Bill v. Emhart Corporation, No. Cv 940538151 (Oct. 24, 1996)

1996 Conn. Super. Ct. 8246, 18 Conn. L. Rptr. 121
CourtConnecticut Superior Court
DecidedOctober 24, 1996
DocketNo. CV 940538151
StatusUnpublished

This text of 1996 Conn. Super. Ct. 8246 (Bill v. Emhart Corporation, No. Cv 940538151 (Oct. 24, 1996)) is published on Counsel Stack Legal Research, covering Connecticut Superior Court primary law. Counsel Stack provides free access to over 12 million legal documents including statutes, case law, regulations, and constitutions.

Bluebook
Bill v. Emhart Corporation, No. Cv 940538151 (Oct. 24, 1996), 1996 Conn. Super. Ct. 8246, 18 Conn. L. Rptr. 121 (Colo. Ct. App. 1996).

Opinion

[EDITOR'S NOTE: This case is unpublished as indicated by the issuing court.]MEMORANDUM OF DECISION ON MOTION FOR SUMMARY JUDGMENT #119 The defendants move for partial summary judgment on the ground that the plaintiff' claim is time-barred by the applicable statute of limitations.

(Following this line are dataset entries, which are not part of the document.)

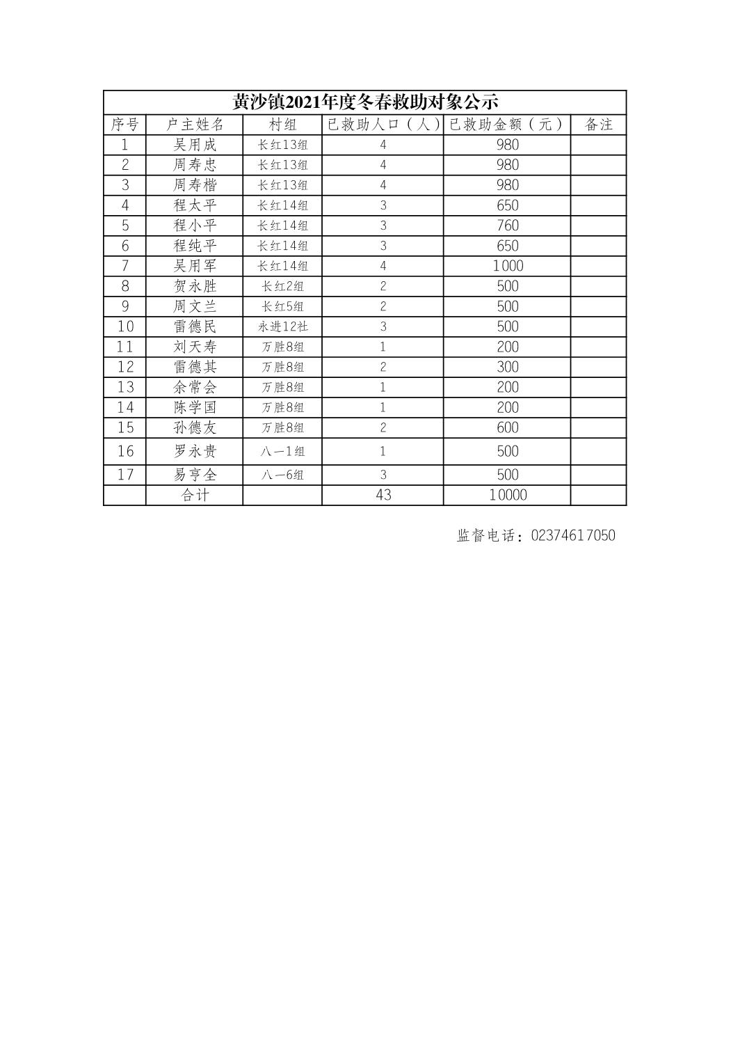 黄沙镇2021度冬春生活救助对象公示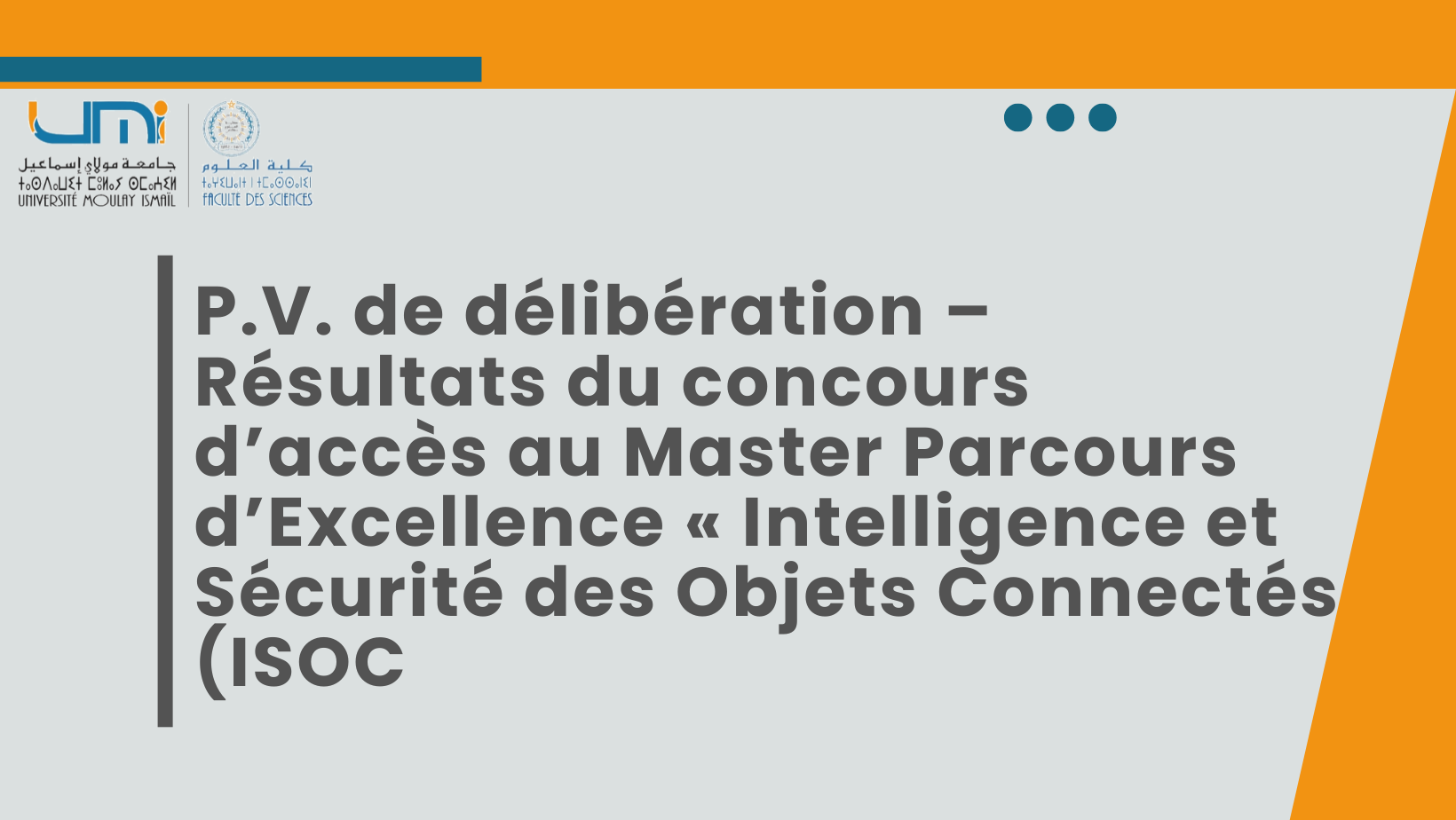Avis : P.V. de délibération – Résultats du concours d’accès au Master Parcours d’Excellence Intelligence et Sécurité des Objets Connectés (ISOC)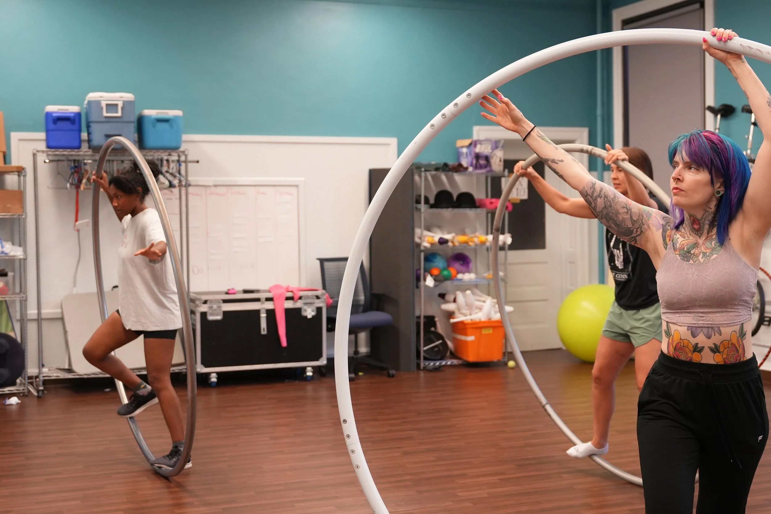 Thursdays 6:30pm - 8:00pmIn Level 1, we’ll learn the foundations of this mesmerizing apparatus beginning with wheel manipulations, body mechanics, and learning to waltz.

On May 25, 1994, the plaintiffs, Steven Bills and Donald Fitzpatrick, filed a two-count complaint against the defendants, Emhart Corporation (Emhart), BD, Inc. and The Black Decker Corporation (Black Decker). The plaintiffs, on August 8, 1995, filed a second amended complaint alleging in count two a breach of fiduciary duties and requesting attorneys fees in the payer for relief.

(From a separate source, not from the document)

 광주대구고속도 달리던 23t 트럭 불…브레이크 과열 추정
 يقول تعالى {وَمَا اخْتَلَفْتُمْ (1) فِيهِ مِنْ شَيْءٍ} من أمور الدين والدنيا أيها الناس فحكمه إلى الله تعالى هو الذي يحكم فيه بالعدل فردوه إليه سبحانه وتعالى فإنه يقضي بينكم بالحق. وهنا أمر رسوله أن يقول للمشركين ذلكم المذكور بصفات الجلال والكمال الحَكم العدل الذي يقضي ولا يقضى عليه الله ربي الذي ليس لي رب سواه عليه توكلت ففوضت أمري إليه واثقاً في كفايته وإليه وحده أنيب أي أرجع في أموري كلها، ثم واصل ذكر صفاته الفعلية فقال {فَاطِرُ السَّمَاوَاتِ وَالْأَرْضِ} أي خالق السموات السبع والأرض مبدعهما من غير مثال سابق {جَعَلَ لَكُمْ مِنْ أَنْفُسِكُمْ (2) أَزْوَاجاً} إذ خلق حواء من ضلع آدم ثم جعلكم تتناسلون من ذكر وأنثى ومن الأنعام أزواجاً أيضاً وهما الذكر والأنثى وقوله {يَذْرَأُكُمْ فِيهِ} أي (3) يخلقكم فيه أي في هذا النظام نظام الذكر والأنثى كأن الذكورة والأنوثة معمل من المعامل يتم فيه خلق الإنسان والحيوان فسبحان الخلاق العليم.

On December 4, 1995, the defendants filed their answer and special defenses to the second amended complaint, asserting as a special defense that the plaintiffs' second count was barred by the statute of limitations set forth in General Statutes § 52-577. Thereafter, on January 2, 1996, the defendants filed a motion for summary judgment as to count two on the grounds that the claim was time-barred, the defendants owed no fiduciary duty to the plaintiffs, and no basis existed for an award of attorneys fees. The defendants filed a memorandum in support of their motion and a copy of the 1986 Stock Option Plan. On March 20, 1996, the plaintiffs filed a memorandum in opposition, a copy of the December 22, 1988 change in control amendment adopted by Emhart's board of directors and a copy of United States District Court Judge Nevas' opinion in Lamb v. Emhart Corp., CV No. H-90-15 (AHN), April 7, 1994.1

The following facts are undisputed. The plaintiffs were employed by Advanced Technology, Inc. of Delaware (ATI), which, at all times relevant, was a wholly-owned subsidiary of Emhart. In connection with their employment, the plaintiffs entered into a stock option contract with Emhart, subject to the terms of the 1986 Stock Option Plan (Plan). Section 6(e) of the Plan states in relevant part:

(e) Termination of Employment. Upon termination of an option holder's employment, for any reason other than the death or deliberate, willful, or gross misconduct, his option shall be exercisable only to the extent he would have been permitted to purchase shares under his option at the date of such termination, and such option shall expire unless exercised within the three (3) month period following the date of such termination.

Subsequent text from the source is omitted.